COLLECTED MATERIAL ::

-- Opening Marker --

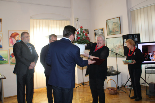 Na wernisażu były podziękowania, życzenia, kwiaty, upominki. Były też
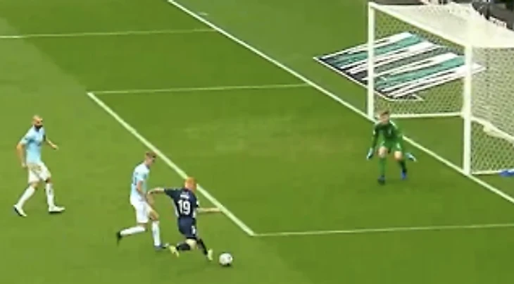 А похоже у Помазуна это системная ошибка. Опять вратарь находится слишком глубоко на ленточке. Нападающий болтает защитника, так выдвинься к нему ближе, сократи угол. Чего стоять на ленточке?
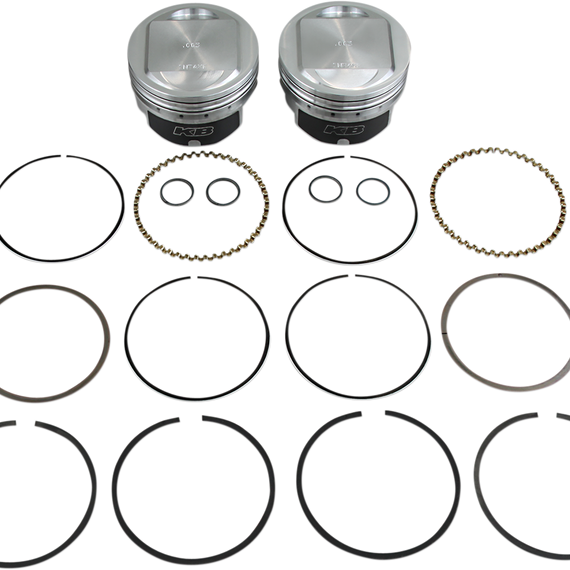 Caracteristicas: Manufactured from high-strength, T-5 heat-treated, 390 hypereutectic aluminum alloy Allows a tighter fit and longer piston and ring life Diamond-machined pistons are held to plus or minus one gram weight and less than one-half-thousandth-inch (.0005") tolerances from piston to piston Each kit contains two pistons, pins, spiral-lock pin clips and Hastings moly rings Replacement piston rings sold separately KB pistons can be installed tighter than other pistons. This results in less piston rock and better ring seal. Please read instructions included with piston for correct piston clearance Due to the thermal conductivity and design of KB pistons, special attention is required to the top ring end gap. Please read instructions furnished with piston for correct ring installation Use lock rings Part #0913-0001 (4-pk)

-- Closing Marker --

EXERCISE :: Reproduce the whole listing above word for word, dropping each image.

OUTPUT OF THE EXERCISE ::
 Na wernisażu były podziękowania, życzenia, kwiaty, upominki. Były też
 А похоже у Помазуна это системная ошибка. Опять вратарь находится слишком глубоко на ленточке. Нападающий болтает защитника, так выдвинься к нему ближе, сократи угол. Чего стоять на ленточке?
 Caracteristicas: Manufactured from high-strength, T-5 heat-treated, 390 hypereutectic aluminum alloy Allows a tighter fit and longer piston and ring life Diamond-machined pistons are held to plus or minus one gram weight and less than one-half-thousandth-inch (.0005") tolerances from piston to piston Each kit contains two pistons, pins, spiral-lock pin clips and Hastings moly rings Replacement piston rings sold separately KB pistons can be installed tighter than other pistons. This results in less piston rock and better ring seal. Please read instructions included with piston for correct piston clearance Due to the thermal conductivity and design of KB pistons, special attention is required to the top ring end gap. Please read instructions furnished with piston for correct ring installation Use lock rings Part #0913-0001 (4-pk)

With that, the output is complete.